-- WHAT IS REQUIRED --
With pictures omitted, restate the data word for word.

-- DATA PROVIDED --
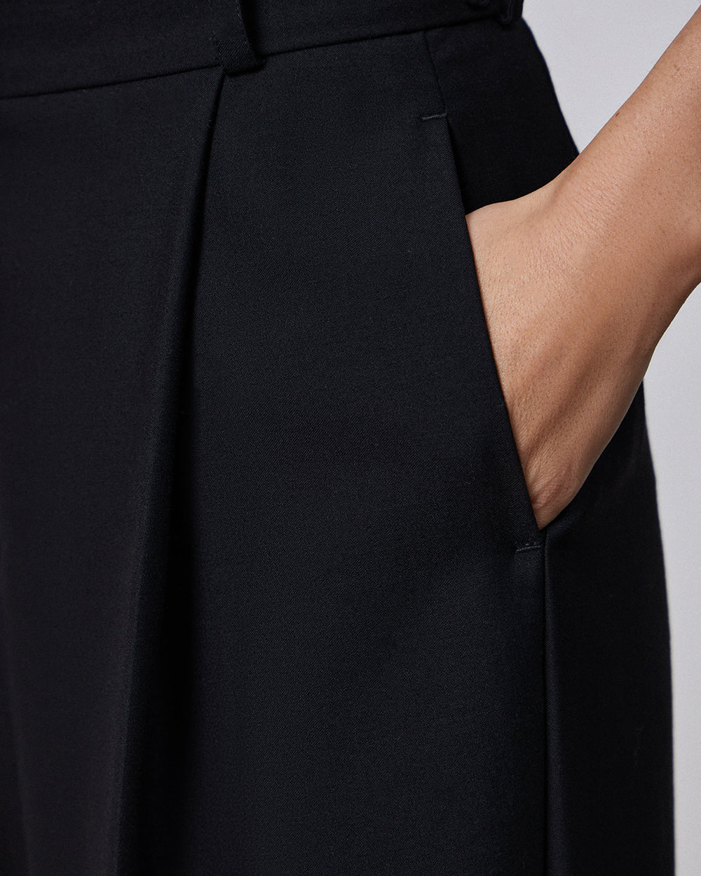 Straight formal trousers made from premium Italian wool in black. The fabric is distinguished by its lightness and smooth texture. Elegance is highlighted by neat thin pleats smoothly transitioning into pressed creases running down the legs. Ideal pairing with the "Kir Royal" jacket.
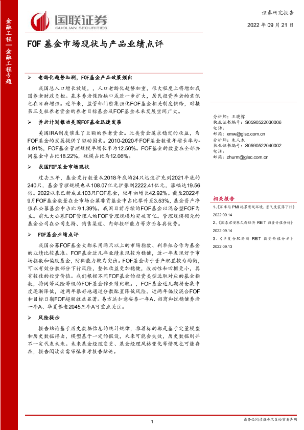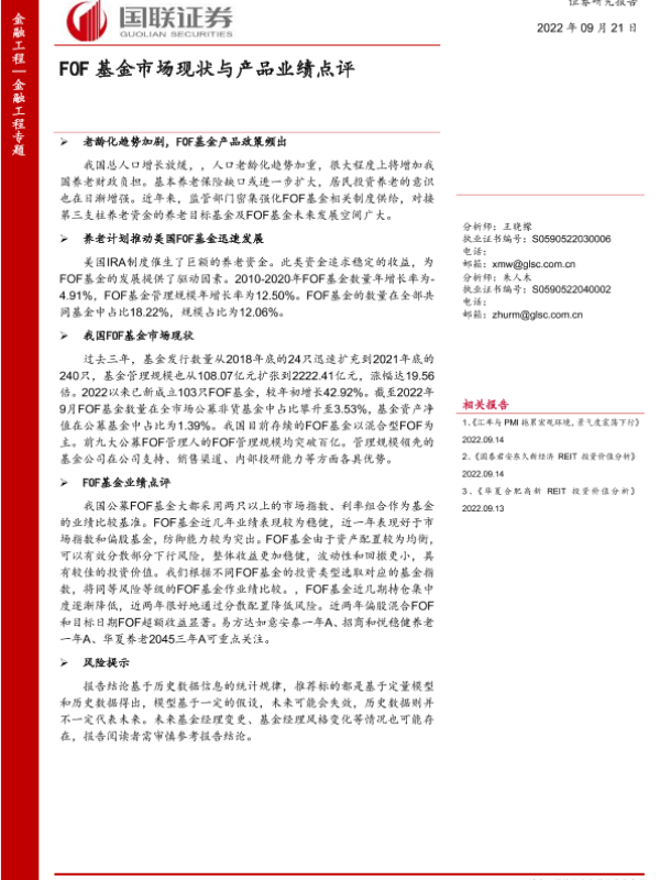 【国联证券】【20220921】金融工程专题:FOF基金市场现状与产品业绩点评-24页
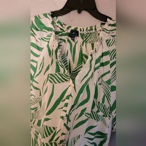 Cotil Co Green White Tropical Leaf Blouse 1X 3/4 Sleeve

-- TASK ANSWER --
 Straight formal trousers made from premium Italian wool in black. The fabric is distinguished by its lightness and smooth texture. Elegance is highlighted by neat thin pleats smoothly transitioning into pressed creases running down the legs. Ideal pairing with the "Kir Royal" jacket.
 【国联证券】【20220921】金融工程专题:FOF基金市场现状与产品业绩点评-24页
 Cotil Co Green White Tropical Leaf Blouse 1X 3/4 Sleeve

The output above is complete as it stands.